The true experts, however, are the people who typically focus on the second category. They have, by necessity, a huge first set of “known knowns” as a result of consistently replenishing their second category from the third. This person is the senior architect who can not only bang-out the engineering task from her skills, but also knows the “lay of the land” from her breadth of knowledge. She may not know how to use all of the technologies available to solve a particular problem, but in having the breadth of all technologies in her "known unknowns," she knows what’s available. She can evaluate a problem against possible solutions, even those in which she isn’t currently conversant, and select the best or most likely one. Then, if need be, she can put in the time to move that skill from the second category to the first. If the decision doesn’t work, she has the breadth to realize this fact and make a course correction from other available options.

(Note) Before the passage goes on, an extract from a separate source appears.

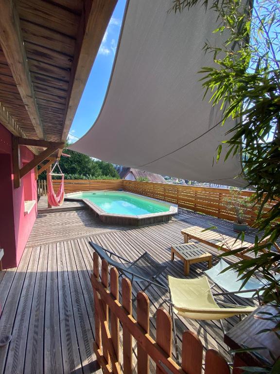 Set in Fréland, Grande maison bi-familiale, belle vue, piscine offers accommodation with a private pool, a balcony and mountain views. This property offers access to a terrace, free private parking and free WiFi. The property is non-smoking and is located 18 km from House of the Heads.
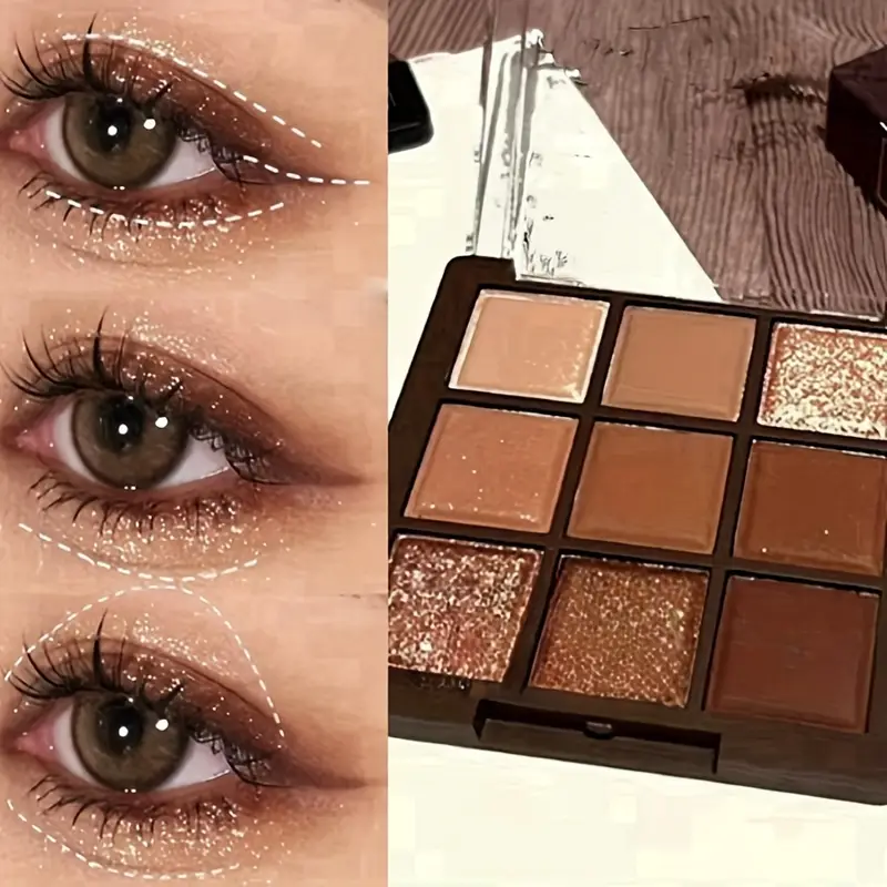 • بني داكن وذهبي: تحتوي اللوحة على ظلال بدرجات بني داكن تعطي عمقاً للعيون، بالإضافة إلى لمسات ذهبية دافئة تضفي بريقاً وأشعاعاً على الجفن.

People who focus on the second category are constantly trying to find items in their "unknown unknowns" and get them into their "known unknowns" as quickly as possible. And in doing so, they acknowledge that their third category will never be empty, and they will never never presume it is. They avoid the Dunning-Kruger effect by simply realizing it exists. These are the people you see reading industry trade magazines and web sites, picking up an introductory book on the latest technology just to get a quick grounding, and always asking, “What’s new? What are you working on? What’s cool that I’ve not heard of yet?” You meet these people at industry conferences.

And when they mention that they’d heard of the cool technology years ago, you mutter under your breath that they’re a hipster and just showing off. But that’s a different article entirely.